Jago was carefully peeling some blue tape from the rail of a pintail short board. Cadan noticed how bad his shakes were today. “Eh?” Jago said.

“Can’t a leopard change its own spots?”

“I’ll wager you c’n think that one through, Cade.”

“People do change.”

“Nope,” Jago said. “That they don’t.” He applied sandpaper to the resin seam. His glasses slipped down on his nose and he pushed them back into place. “Their reactions, p’rhaps. What they show to the world, if you see what I mean. That part changes if they want it to change. But the inside part? It stays the same. You don’t change who you are. Just how you act.” Jago looked up. A long hunk of his lank grey hair had come loose from his perennial ponytail, and it fell across his cheek. “What’re you doing here, Cade?”

“Me?”

“’Less you’ve changed your name, lad. Aren’t you meant to be at work?”

Cadan preferred not to answer that question directly, so he had a wander round the workshop as Jago continued to sand the rails of the board. He opened the shaping room-scene of his former attempt at employment at LiquidEarth-and he gazed inside.

The problem, he decided, was having been assigned to shaping boards. He had no patience for it. Shaping required a steady hand. It demanded the use of an endless catalogue of tools and templates. It asked one to consider so many variables that keeping them all in mind was an impossibility: the curve of the blank, single versus double concavity, the contours of the rails, the fin positions. Length of board, shape of tail, thickness of rail. One sixteenth of an inch made all the difference and bloody hell, Cadan, can’t you tell those channels are too deep? I can’t have you in here cocking things up.

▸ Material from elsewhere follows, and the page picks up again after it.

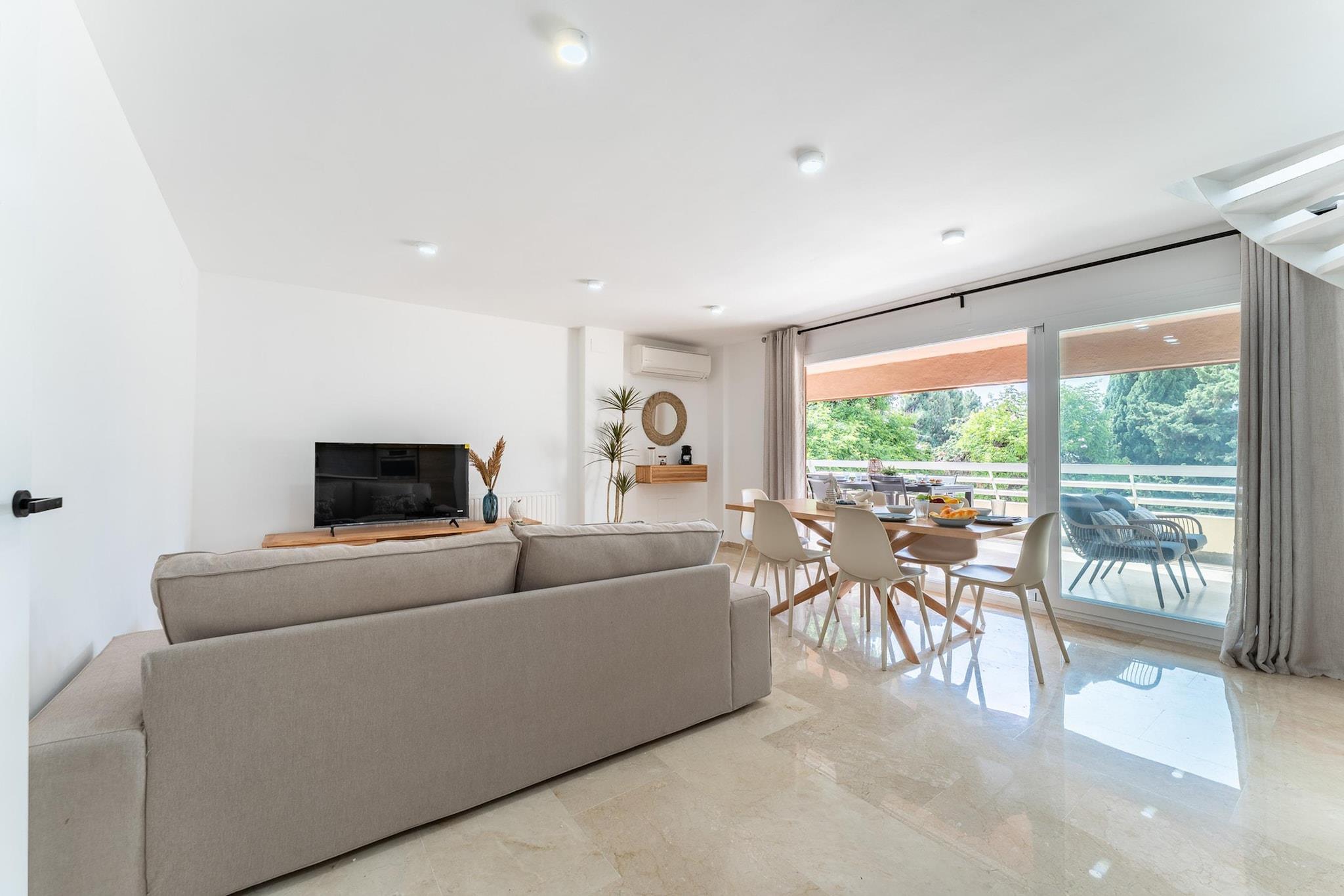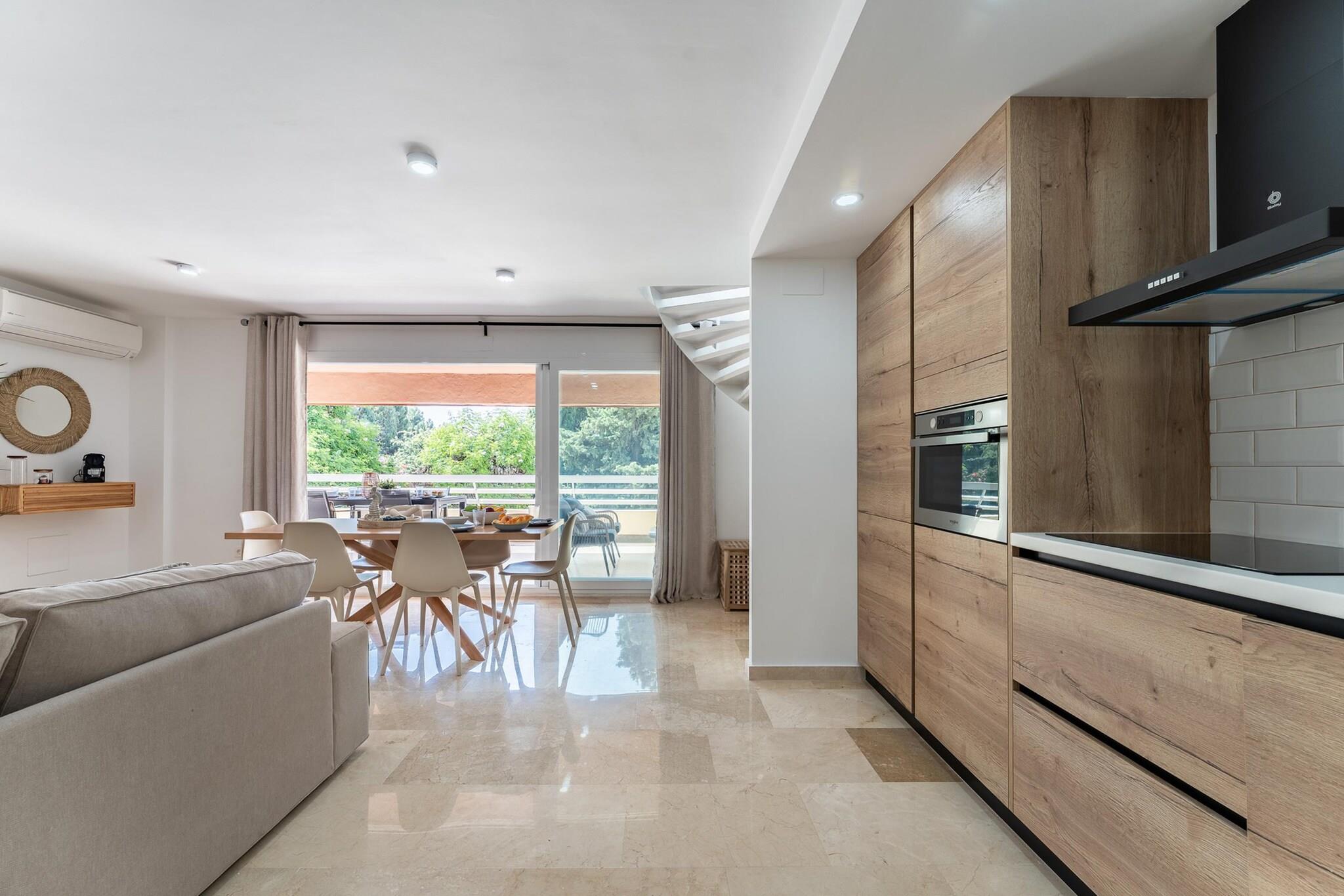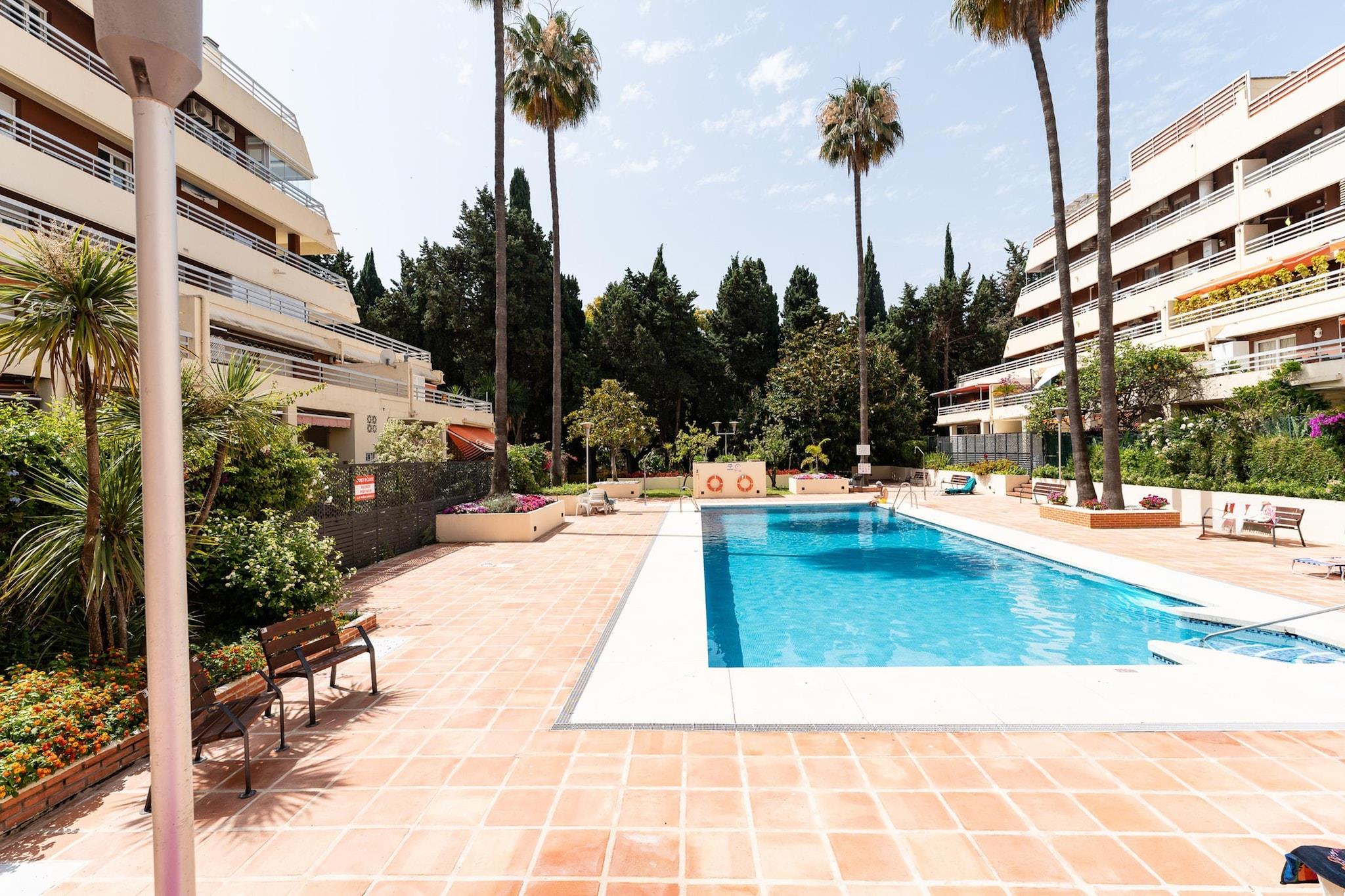 Denne charmerende bolig ligger i hjertet af Marbella, kun 400 meter fra strandpromenaden, stranden og den livlige marina. Dens privilegerede beliggenhed giver dig mulighed for at nyde middelhavsatmosfæren til fods, med direkte adgang til butikker, restauranter, strandbarer og et pulserende natteliv, alt sammen uden at ofre roen og komforten ved eksklusiv indkvartering. Ejendommen, der er fordelt på to etager, tilbyder et moderne og hyggeligt rum, der er ideelt for familier eller vennegrupper. Den har tre soveværelser: to med dobbeltsenge og et andet udstyret med køjesenge, hvilket giver mulighed for komfortabel plads til op til seks personer. Den har to komplette badeværelser med brusere, perfekt til at sikre komfort og privatliv under dit ophold. Det fuldt udstyrede køkken er integreret med stue-spisestuen i et åbent design, der fremmer socialisering og naturligt lys. Stuen åbner ud til en stor terrasse med forskellige fritidsområder, perfekt til udendørs morgenmad, afslappede middage eller hvilestunder under den andalusiske himmel. Den store attraktion ved denne duplex er dens spektakulære private tagterrasse, som har en eksklusiv swimmingpool og et solariumområde med liggestole, en sand oase, hvor du kan nyde Costa del Sol i fuldstændig privatliv. Derudover tilbyder området en fælles swimmingpool og en privat parkeringsplads, noget der er højt værdsat i dette centrale område af Marbella. Marbella er meget mere end bare sol og strand. Dens gyldne sandstrande og rolige vand er perfekte til afslapning eller vandsport, mens den gamle bydel med brostensbelagte gader og blomsterfyldte pladser inviterer dig til at slentre rundt og opdage den autentiske essens af Andalusien. Det lokale køkken er en anden af dens store attraktioner med et bredt udvalg af muligheder fra traditionelle strandbarer, hvor du kan nyde stegt fisk, til haute cuisine-restauranter.

All right. Fair enough. He was wretched at shaping. And glassing was so boring he wanted to weep. It frayed his nerves: all the delicacy required. The fiberglass unspooling from its roll with just enough excess not to be considered wasteful, the careful application of resin to fix the glass permanently to the polystyrene beneath it in such a way as to prevent air bubbles. The sanding, then the glassing again, then more sanding…

He couldn’t do it. He wasn’t made for it. You had to be born a glasser like Jago and that was that.

He’d wanted to work in the spray room from the first, applying the paint to his own board artwork. But that hadn’t been allowed. His father had told him he had to earn his way into that position by learning the rest of the business first, but when it had come down to it, Lew hadn’t demanded as much from Santo Kerne, had he?